__WORK REQUEST__. Everything in the listing below needs restating exactly, apart from the pictures.

__COLLECTED MATERIAL__.
%%
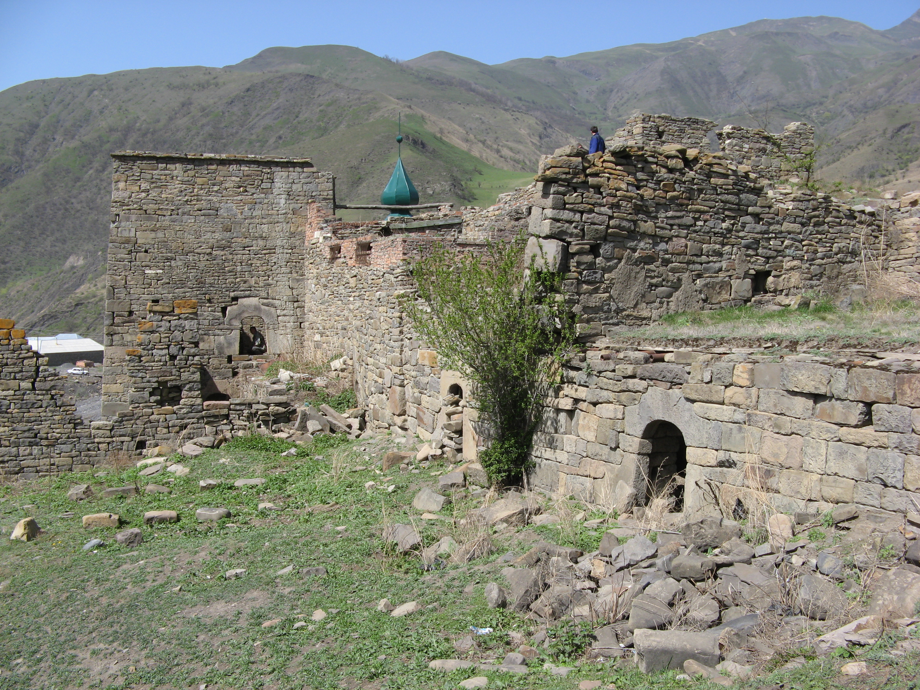 Itum-Kale_fortress
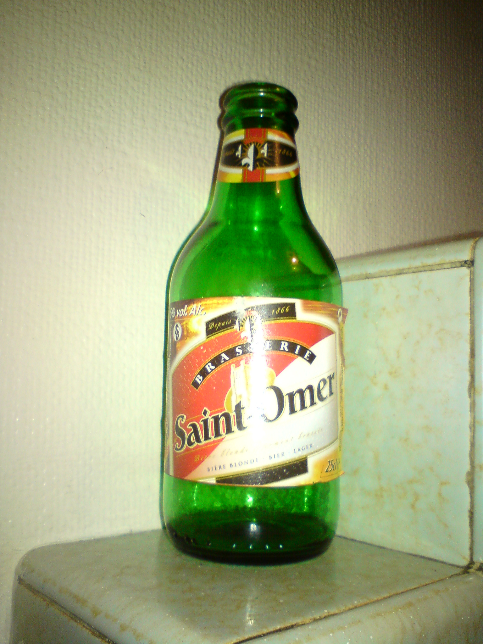 The sweet sweet Saint-Omer
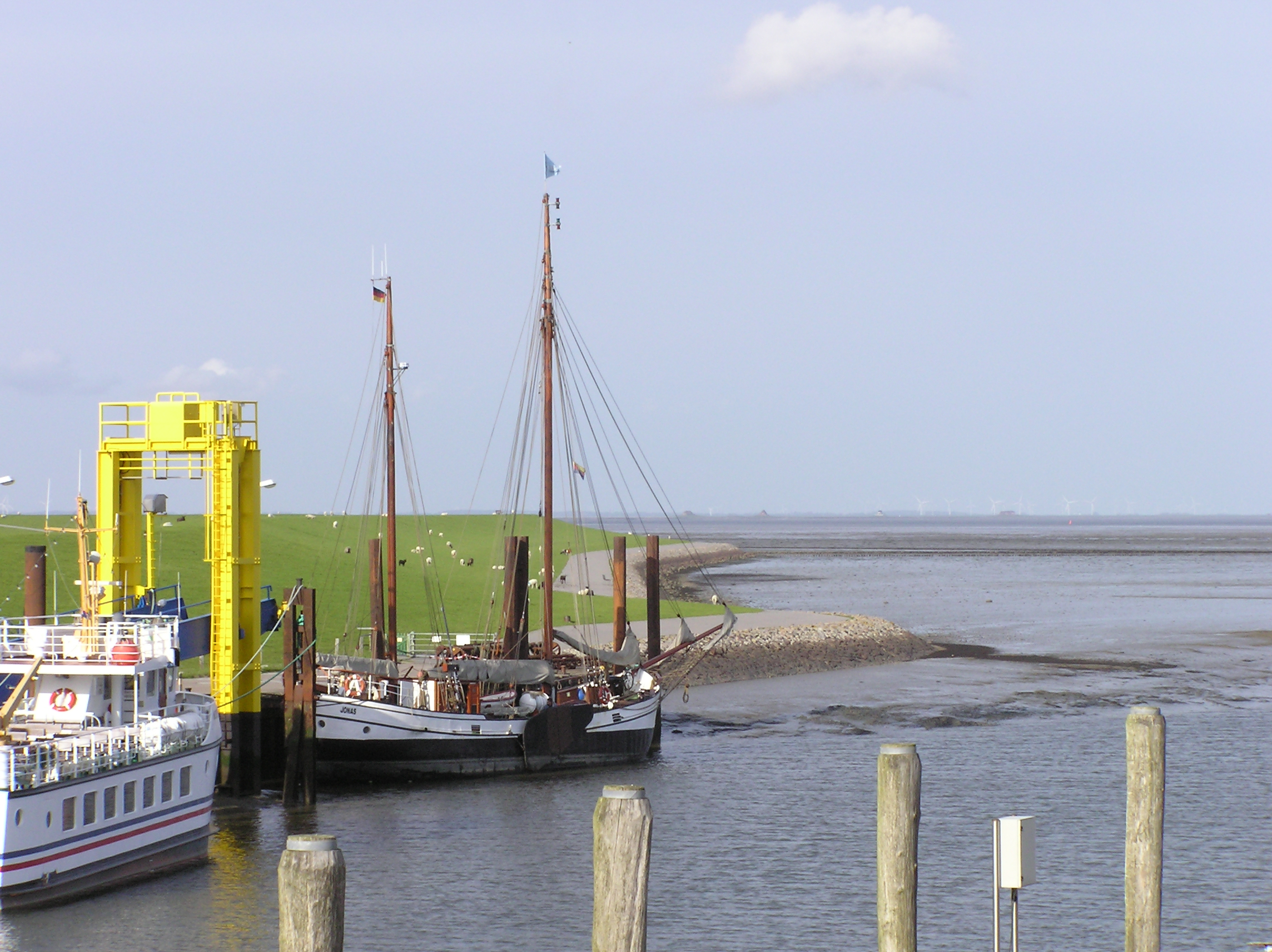 Harbour Pellworm Tammensiel, SH, Germany
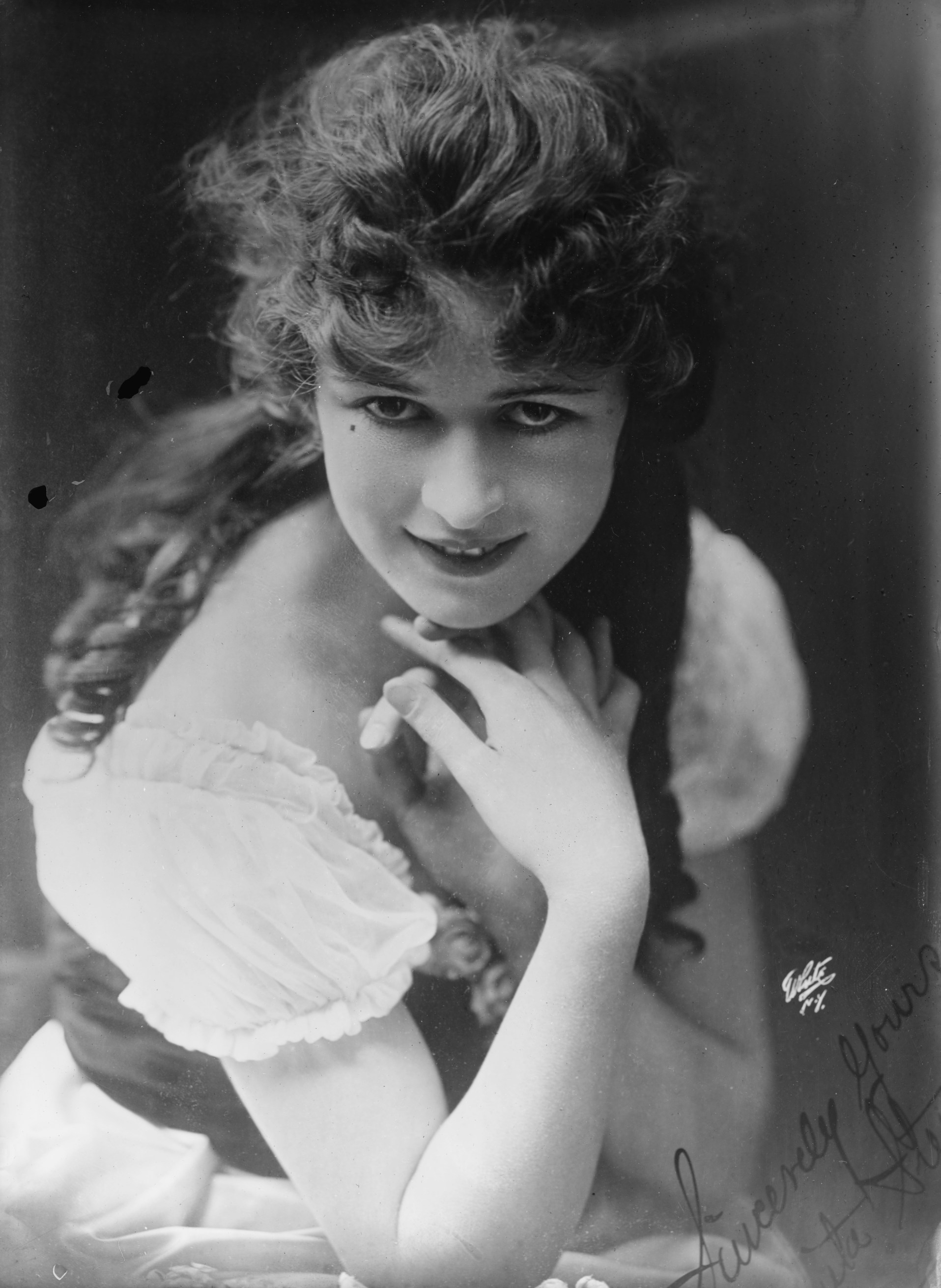 Actress Anita Stewart
%%
__TASK SOLUTION__.
 Itum-Kale_fortress
 The sweet sweet Saint-Omer
 Harbour Pellworm Tammensiel, SH, Germany
 Actress Anita Stewart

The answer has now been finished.